We always tend to associate these with “priced based buying.” We tend to think the only value we can create is through pricing actions–discounting.
First, price is always a key consideration whether we are involved in a complex or transactional buying/selling process. As sales professionals, we have to create sufficient value to justify and defend our pricing in every sales/buying situation.
But, I think there is a huge misunderstanding of transactional buying processes. There are a large number of opportunities that are and should be a transactional process. These processes can be characterized along a number of dimensions: A highly knowledgeable customer, a customer who buys these products or services frequently, a situation where few people are needed to make a decision, possibly transactions that represent very low risk on the part of the buyer (though not always.).
There are lots of situations where this is the right process for the customer. Classically, we think of this for products and services that are highly commoditized (more on this later). So how do we create value in this type of situation? How do we defend our pricing, create meaningful differentiation, and win the business?
Typically the value we create is very different. The customer is well educated, so educating them on products and solutions isn’t necessary–in fact it slows them down and frustrates them (this is less important in today’s complex buying processes as well). The customer knows how to evaluate alternatives and make a decision–they have a very simple decision-making process. So often, in complex sales, the customer doesn’t know how to buy or can’t organize themselves to buy. The value we create is helping facilitate the buying process. This is probably one of the biggest areas of differentiation and value creation in complex buying processes, but it is unnecessary in the transactional buying process. In fact, again it slows the customer down. The “problem” is well defined, characterized and understood by the buyer, so we don’t create a lot of value or insight for the customer. Justifying the purchase is well understood, so our ability to create strong business justification adds no value.
So how do we create value in these types of situations? Basically, we have to make the process of acquiring these types of products very efficient. We have to look at the customer’s “cost of buying and acquiring the product” reducing this as much as possible. Ease of buying, ease of contracting, eliminating supply chain problems/costs/bottlenecks, reducing or eliminating delivery risk, quality risks, and so forth are all critical elements in creating value in transactional selling processes.
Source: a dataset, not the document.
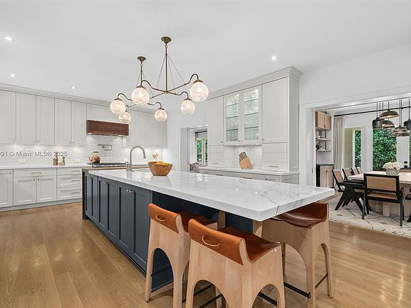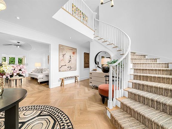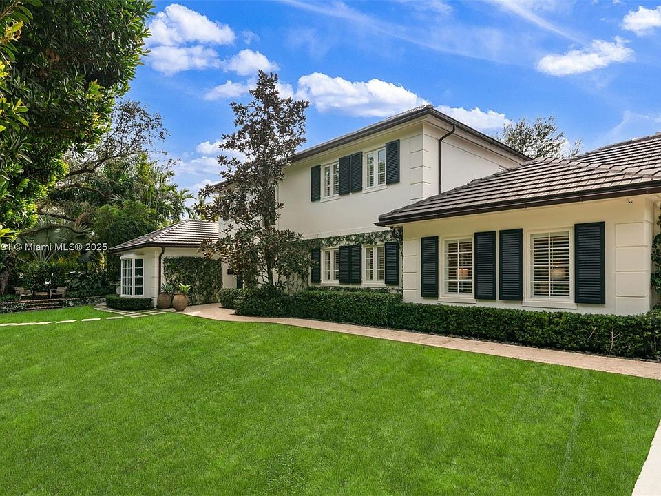 Discover this custom built Colonial style home in the highly sought after South Gables on Granada Blvd. The grand two story foyer welcomes you to an exceptional floor plan with ample storage. Enjoy spacious formal living and dining rooms along with a separate family room for both adults and children which all lead to a chefs dream kitchen with a gas stove and eat in area. French doors in the entertaining areas open to a fantastic covered patio, with summer kitchen, overlooking a sparkling pool and putting area. The ground floor features a wonderful primary with walk in closet, office, and guest room. Upstairs are three bedrooms with a two baths and a den. Additional amenities include a two car garage with AC, wine cellar, storage room, cabana bath, and full house generator.

Sometimes, simplifying buying, consolidating purchasing, and helping the customer manage that process more effectively, eliminates huge acquisition and procurement costs. We see leading suppliers creating unified contracting, pricing, order consolidation, shipping/logistic management as powerful differentiation in these situations. Some have gone to the point of demonstrating how the customer can outsource the procurement/supply chain management process–creating huge amounts of value.
Sometimes, we see new technologies, e-procurement, and other things as being very important in helping our customers reduce the costs of acquisition. Sometimes, we have to rethink our routes to market, looking at how we reduce our costs of selling–to help the customer reduce their costs of buying.
So we have to understand the customers’ buying processes. Not every buying process is or should be a complex process. Many really are transactional processes and we can still create tremendous value, if we really understand the customer and how they buy.
If we have products and services that have become commoditized, we have a strategic choice. We have to become expert at creating meaningful and differentiated value in transactional selling processes, or we have to “de-commoditize” our offering moving them into a complex buying process and learning how to be experts at creating meaningful and differentiated value in complex selling processes.
Bottom line, we must always create value, and we can always create value for every sales situation. But before we can do this, we have to first understand the customer buying process, what they value, and how we can simplify their buying.
Price becomes an issue in every sales situation if we can’t create value that is meaningful to the customer.
As a sidenote, I wish my thinking on this was original, but Neil Rackham and John DeVincentis cover this and more in their 1999 book, Rethinking The Sales Force . If you haven’t read it, you must! It is one of the seminal works on creating and communicating differentiated value for every type of customer buying process.